A typical approach for porting or developing an application for the GPU is as follows:

develop an application using generic array functionality, and test it on the CPU with the Array type
port your application to the GPU by switching to the CuArray type
disallow the CPU fallback ("scalar indexing") to find operations that are not implemented for or incompatible with GPU execution
(optional) use lower-level, CUDA-specific interfaces to implement missing functionality or optimize performance

Scalar indexing

Many array operations in Julia are implemented using loops, processing one element at a time. Doing so with GPU arrays is very ineffective, as the loop won't actually execute on the GPU, but transfer one element at a time and process it on the CPU. As this wrecks performance, you will be warned when performing this kind of iteration:

julia> a = CuArray([1])
1-element CuArray{Int64,1,Nothing}:
 1

julia> a[1] += 1
┌ Warning: Performing scalar indexing.
│ ...
└ @ GPUArrays ~/Julia/pkg/GPUArrays/src/host/indexing.jl:57
2

Scalar indexing is only allowed in an interactive session, e.g. the REPL, because it is convenient when porting CPU code to the GPU. If you want to disallow scalar indexing, e.g. to verify that your application executes correctly on the GPU, call the allowscalar function:

julia> CUDA.allowscalar(false)

julia> a[1] .+ 1
ERROR: scalar getindex is disallowed
Stacktrace:
 [1] error(::String) at ./error.jl:33
 [2] assertscalar(::String) at GPUArrays/src/indexing.jl:14
 [3] getindex(::CuArray{Int64,1,Nothing}, ::Int64) at GPUArrays/src/indexing.jl:54
 [4] top-level scope at REPL[5]:1

julia> a .+ 1
1-element CuArray{Int64,1,Nothing}:
 2

In a non-interactive session, e.g. when running code from a script or application, scalar indexing is disallowed by default.

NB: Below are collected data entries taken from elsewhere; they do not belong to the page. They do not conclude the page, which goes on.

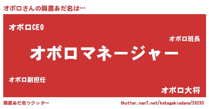 | ヘコむあだ名 | 『オボにー』『オボを』『酢こんぶ』 |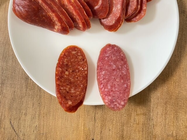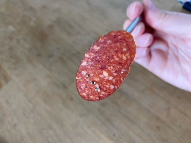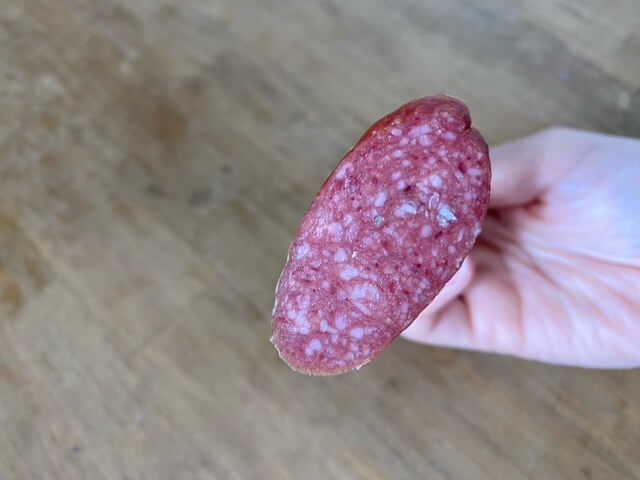 カットしたカルパスは中にギッシリとお肉とラードがギッシリ!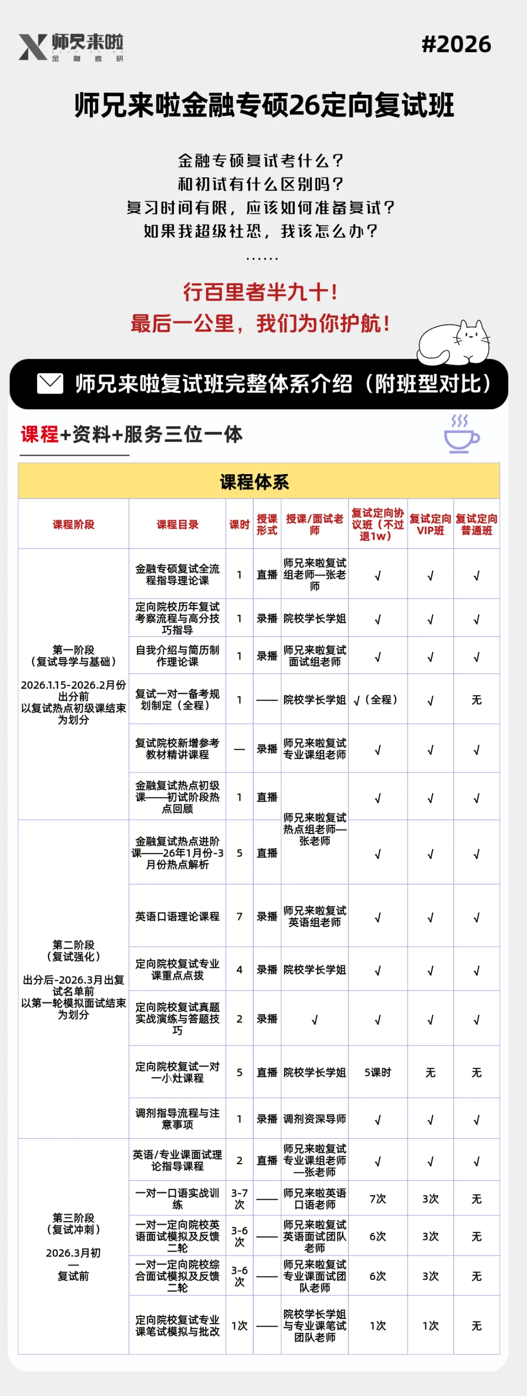 师兄来啦26复试定向上岸班正在招生当中,涉及40+院校,包括复试全套理论课程、专业课划重点、新增参考教材精讲、初复试热点、英语口语训练、自我介绍与简历一对一修改、模拟面试、笔试模拟与批改、调剂流程指导等完整内容,复试最后一公里,我们为你护航~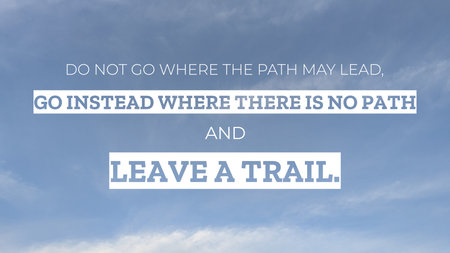 A striking quote, 'DO NOT GO WHERE THE PATH MAY LEAD, GO INSTEAD WHERE THERE IS NO PATH AND LEAVE A TRAIL' is set against a clear blue sky with white, wispy clouds. The words are highlighted in white.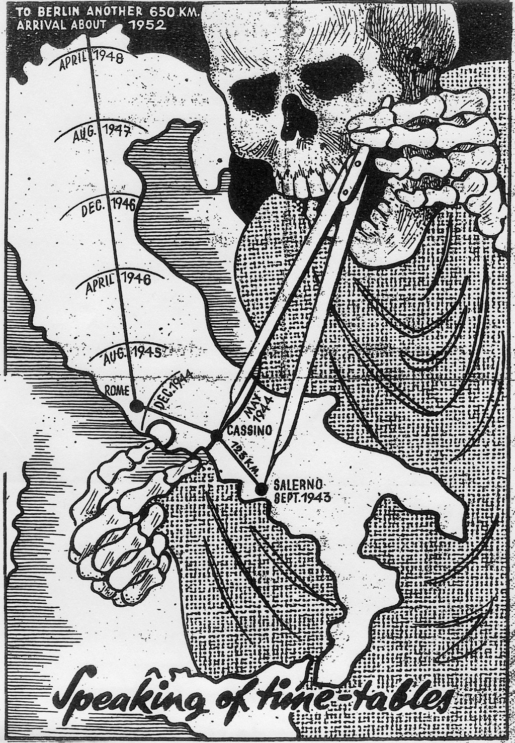 The Nazis mocked the Allied forces with propaganda leaflets depicting the slow pace of the Allied advance towards Rome and predicted their arrival in Berlin for 1952.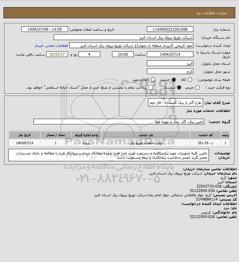 شرح کلی نیاز: طرح گذر از پیک تابستان - فاز دوم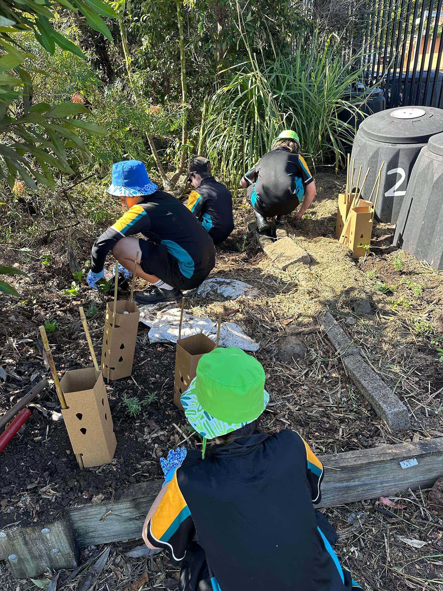 Yeronga State High School provided a Wishlist of plants to support the bees, and the Schools Sustainability Captains, Scarlet and Ben, planned the day.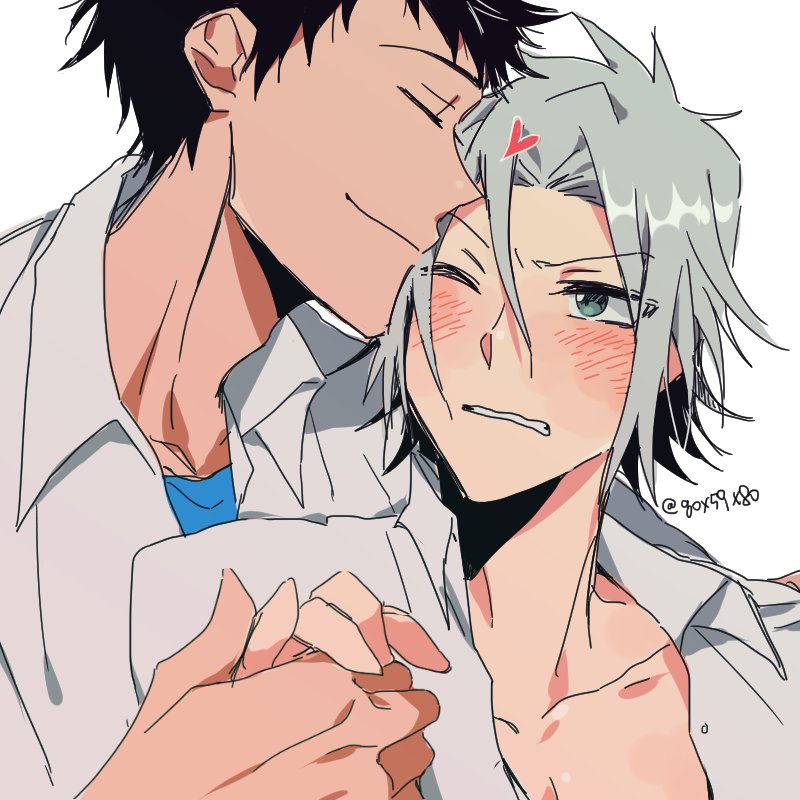 2boys 80x59x80 arm_up black_hair blue_shirt blush closed_mouth collarbone collared_shirt commentary gokudera_hayato green_eyes grey_hair hair_between_eyes heart holding_hands katekyo_hitman_reborn! looking_at_viewer male_focus multiple_boys open_clothes open_shirt parted_bangs shirt short_hair simple_background smile untranslatable_commentary teeth twitter_username unbuttoned upper_body wavy_mouth white_background white_shirt wing_collar yamamoto_takeshi yaoi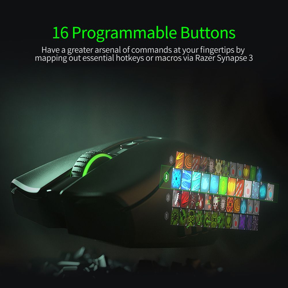 - Have a greater arsenal of commands at your fingertips by mapping out essential hotkeys or macros via Razer Synapse 3, and utilize its advanced feature-Raze HyperShift-to double your inputs with a secondary button profile that can be toggled at the press of a key.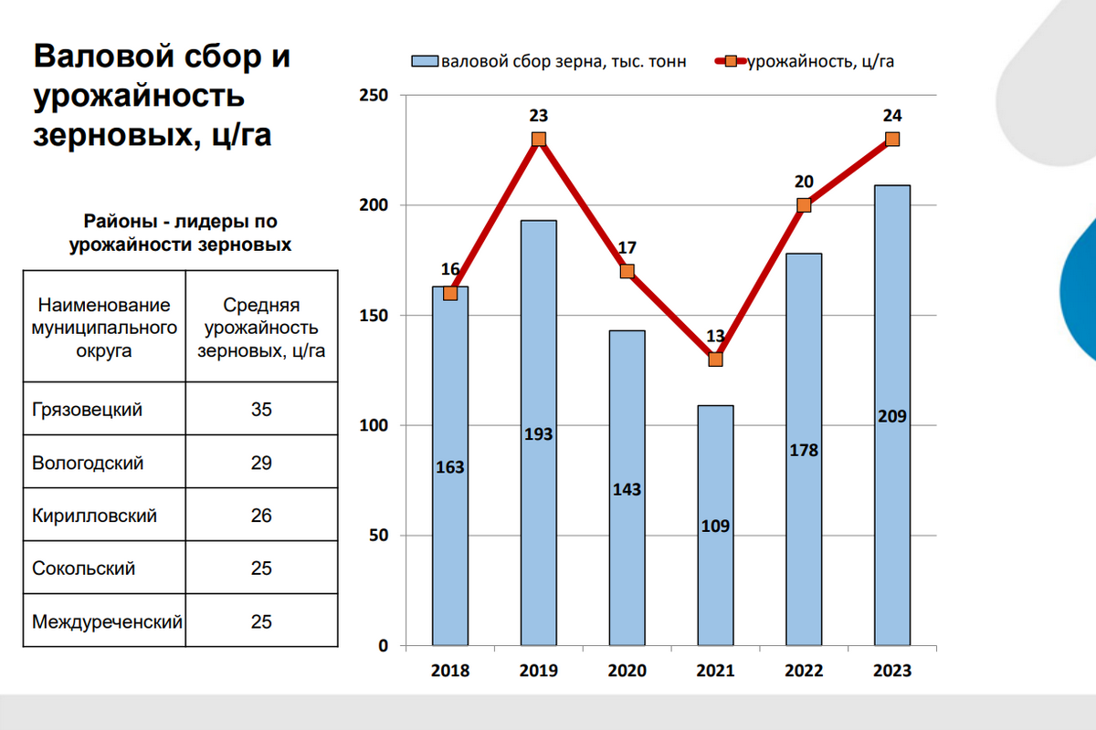 Аграрии Вологодчины полностью завершили уборку зерновых культур. В этом году валовый сбор зерна составил 209 тысяч тонн при средней урожайности 24 центнера с гектара. Обе цифры являются рекордными за последние семь лет.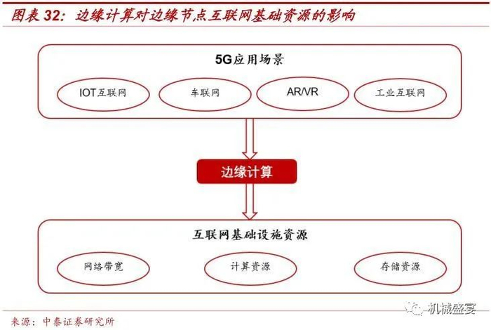 边缘计算助力,数据中心将成两线增长模式。云计算时代推动数据中心向大型化、集约化发展。随着5G及物联网时代“云+端”的产业模式向“云边端”产业模式发展,数据中心也将呈两条线发展:一条是以云架构定义的超大规模数据中心,一条则是边缘云数据中心。在边缘计算的推动下,边缘节点的互联网基础设施资源(网络带宽、计算资源、存储资源)的需求均有望得到提升,中小型IDC专业服务商有望迎来发展良机。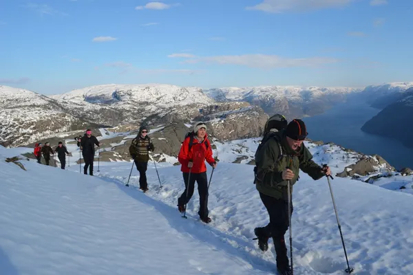 Die einzigartige, 604 Meter hohe und fast senkrechte Klippenformation mit der flachen Spitze und den scharfen Kanten ist nicht ohne Grund einer der berühmtesten Reiseziele Norwegens – und die Tour ist womöglich noch imposanter, wenn die Gegend in Schnee gekleidet ist. Sie können eine geführte Tour mit Transport buchen. So sind alle praktischen Dinge um die Tour herum schon in Voraus geklärt und Sie müssen lediglich ihre Wanderausrüstung anlegen und das Erlebnis genießen.
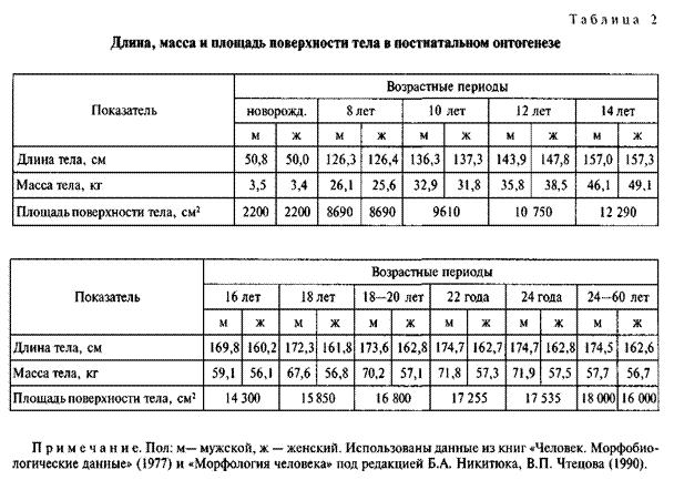Большинство антропометрических показателей имеет значительные индивидуальные колебания. В табл. 2 приведены некоторые Усредненные антропометрические показатели в постнатальном онтогенезе.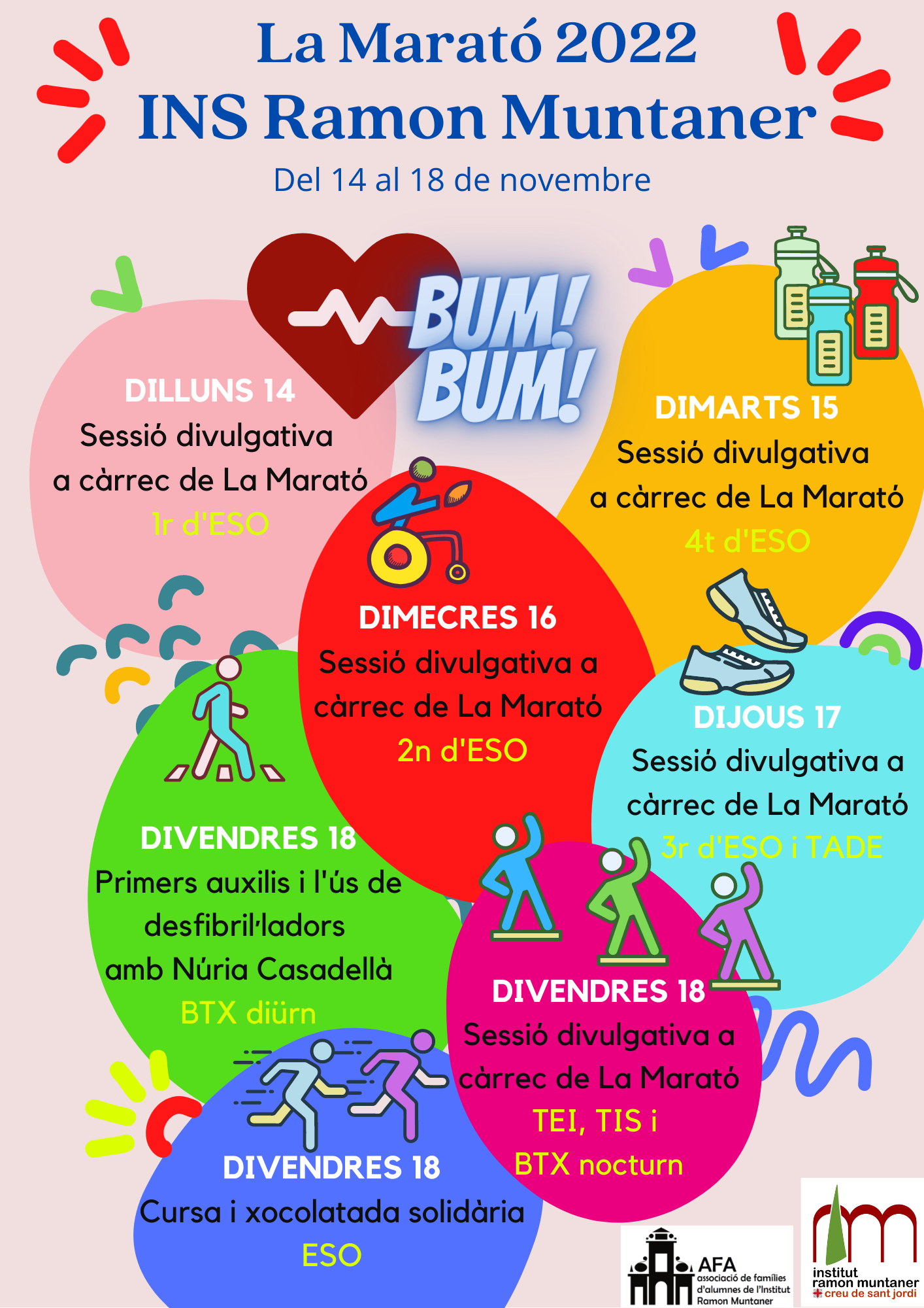 Avui hem començat els actes de La Marató 2022, que enguany està dedicada a les malalties cardiovasculars. Al llarg d’aquesta setmana tots els grups d’ESO, batxillerat nocturn i cicles formatius rebran la visita de persones vinculades a la Fundació de La Marató que els parlaran de la importància de gaudir d’una bona salut cardiovascular. A més, la Núria Casadellà farà un taller molt interessant i necessari a batxillerat diürn sobre primers auxilis i l’ús del desfibril·lador.
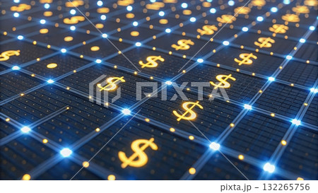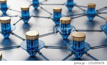 Blockchain-powered financial virtualization featuring group of blue and gold objects for banking solutions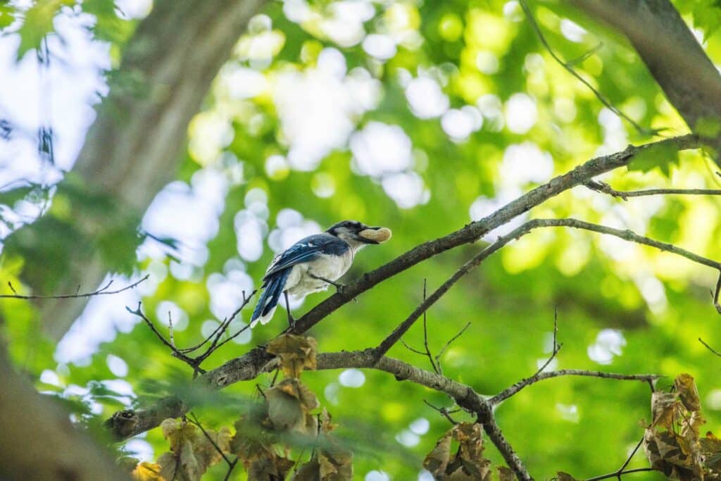 This diet makes them valuable garden allies. Blue jays feast on caterpillars, beetles, and grasshoppers—natural pest control that reduces the need for pesticides. They’re also expert acorn hoarders, often forgetting where they’ve buried seeds. This absentmindedness leads to new tree growth, helping to shape forests and backyard landscapes alike. If you’ve ever watched a blue jay tuck a peanut under a leaf, you’ve witnessed this caching behavior firsthand!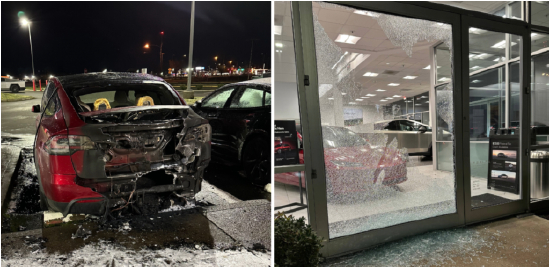 在俄勒冈州Salem的特斯拉门店,一个月内两次遭受枪击。监控显示有嫌犯拿着半自动步枪对着特斯拉门店射击,子弹击碎了门店的落地玻璃,打在了门店内的车身。所幸非工作时间店内没有员工。此外,他还拿着自制燃烧瓶试图焚毁电车,造成七辆特斯拉受损,损失接近50万美元。嫌犯已经被捕。
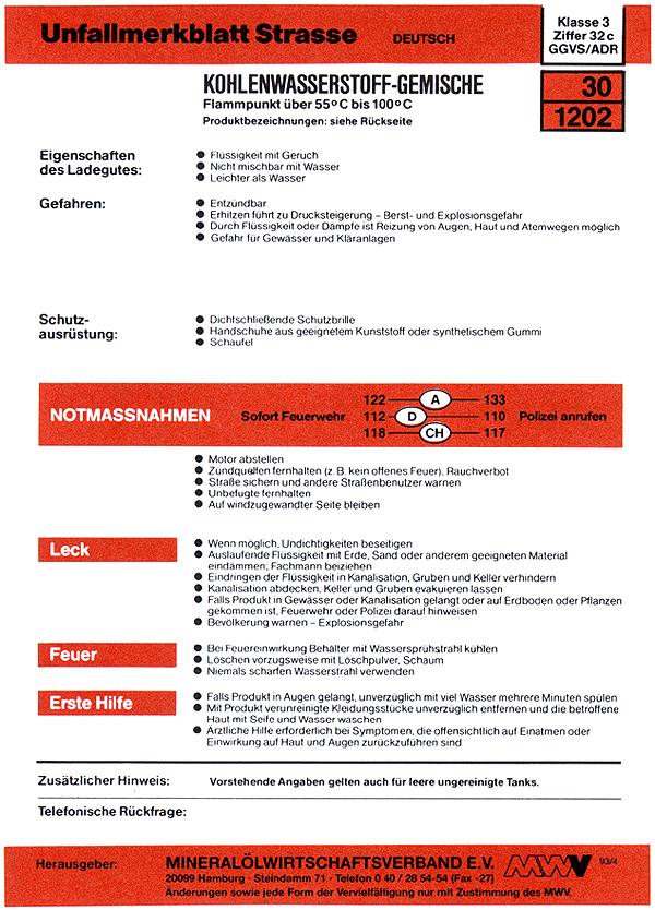 Merkblatt über den Gesundheitsschutz beim Umgang mit Vergaserkraftstoffen (ZH 1/468)

There is no global toggle to allow scalar indexing; if you really need it, you can mark expressions using allowscalar with do-block syntax or @allowscalar macro:

julia> a = CuArray([1])
1-element CuArray{Int64, 1}:
 1

julia> CUDA.allowscalar(false)

julia> CUDA.allowscalar() do
         a[1] += 1
       end
2

julia> CUDA.@allowscalar a[1] += 1
3